The potential energy of a SHM oscillator is given by

$$U = 1/2 kx^2$$

it therefore seems that for the given equation the origin is not situated at the equilibrium point of the oscillator. Maybe you should try and shift the reference system and see what you get.

On Shifting the origin to the vertex of the parabola I get the origin as (-b/2c, (b^2-4ac)/2c^2) with reference to the previous coordinate system. Therefore the abscissa x' in the new coordinate system is (x+b/2c).
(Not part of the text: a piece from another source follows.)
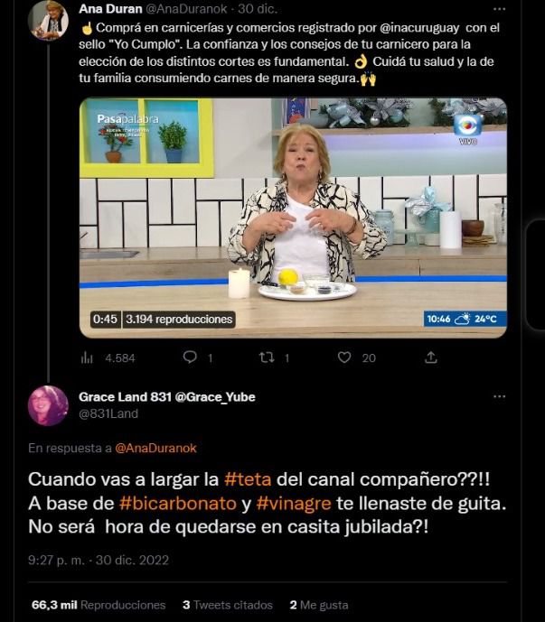 "¿Cuando vas a largar la teta del canal compañero?", preguntó una usuaria de Twitter a Ana Durán, en respuesta a un video publicitario que subió la comunicadora promocionando la compra en carnicerías y comercios registrados por el Instituto Nacional de la Carne (INAC).
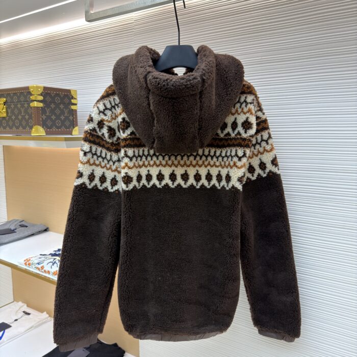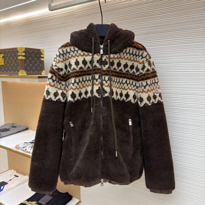 MONCLER モンクレール Jacquard teddy zip-up hoodie フリースジャケット ジップアップパーカー ブラウン

On putting this value in the PE equation I get U=1/2 kx'^2=1/2 k(x+b/2c)^2. How do I proceed from here onwards?

 

[rl.bhat]

Take c common from the equation, and write
V = c(a/c + b/c*x + x^2).You can wright this as c(x + alpha)^2 where alpha = b/2c and (alpha)^2 = a^2/c^2.
Now proceed using relevant euqations.

 

[andrevdh]

My maths are a bit rusty in this respect so I did it the long and hard way. I rewrote the original equation in terms of the shifted reference system (where the origin coincides with the position of minimum potenetial energy). That is

$$x = x_1 - \frac{b}{2c}$$

that got me to

$$V(x_1) = a - \frac{3b^2}{4c} + cx_1^2$$